**Problem to solve:**
Copy out exactly, and only, the lines from the one containing "Gold Life Labs" through the end of the entries. No pictures.

++++ Supplied data ++++

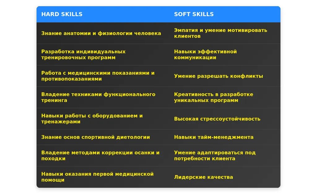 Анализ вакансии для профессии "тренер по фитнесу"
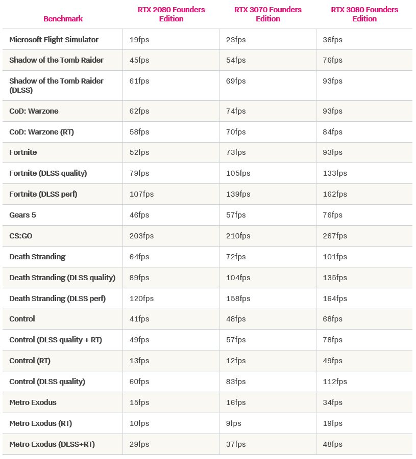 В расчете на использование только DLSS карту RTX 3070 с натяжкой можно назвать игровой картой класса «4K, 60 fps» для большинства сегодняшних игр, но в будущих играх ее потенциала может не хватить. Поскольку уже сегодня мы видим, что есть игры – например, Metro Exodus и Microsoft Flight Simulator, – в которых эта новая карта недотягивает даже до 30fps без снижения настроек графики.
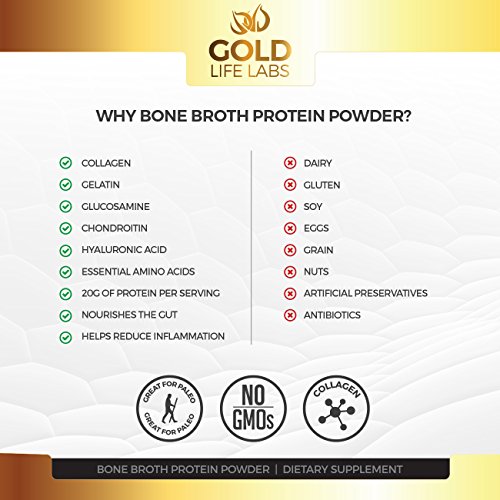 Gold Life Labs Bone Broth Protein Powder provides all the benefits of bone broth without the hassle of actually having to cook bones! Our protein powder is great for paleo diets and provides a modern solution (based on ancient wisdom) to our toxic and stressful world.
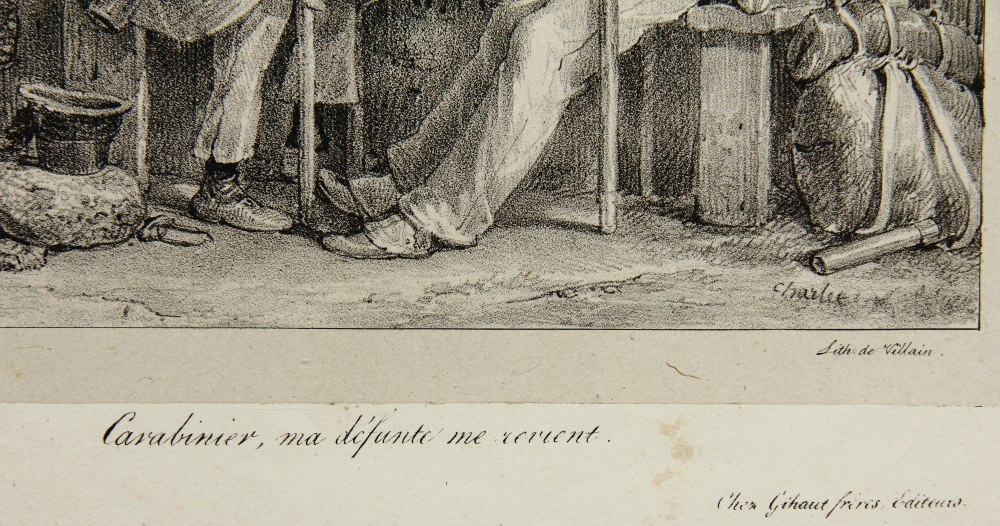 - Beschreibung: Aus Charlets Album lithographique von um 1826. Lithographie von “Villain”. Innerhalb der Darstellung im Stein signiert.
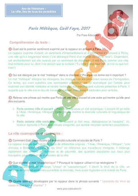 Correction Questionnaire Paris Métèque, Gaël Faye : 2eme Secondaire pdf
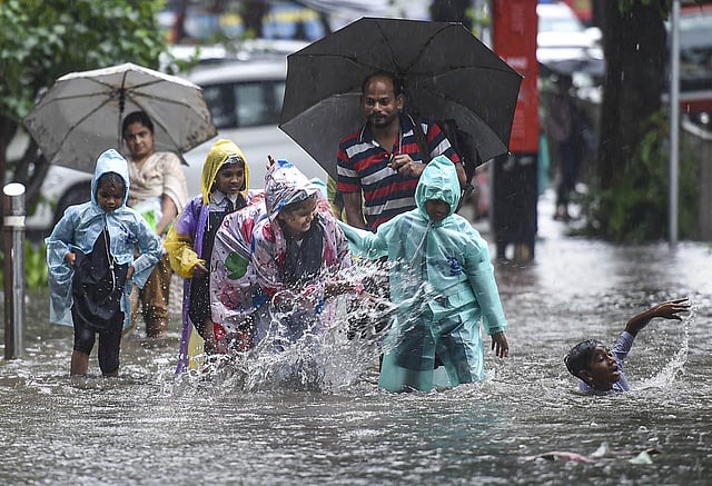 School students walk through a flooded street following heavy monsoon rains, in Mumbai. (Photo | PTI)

++++

**Task output:**
 Gold Life Labs Bone Broth Protein Powder provides all the benefits of bone broth without the hassle of actually having to cook bones! Our protein powder is great for paleo diets and provides a modern solution (based on ancient wisdom) to our toxic and stressful world.
 - Beschreibung: Aus Charlets Album lithographique von um 1826. Lithographie von “Villain”. Innerhalb der Darstellung im Stein signiert.
 Correction Questionnaire Paris Métèque, Gaël Faye : 2eme Secondaire pdf
 School students walk through a flooded street following heavy monsoon rains, in Mumbai. (Photo | PTI)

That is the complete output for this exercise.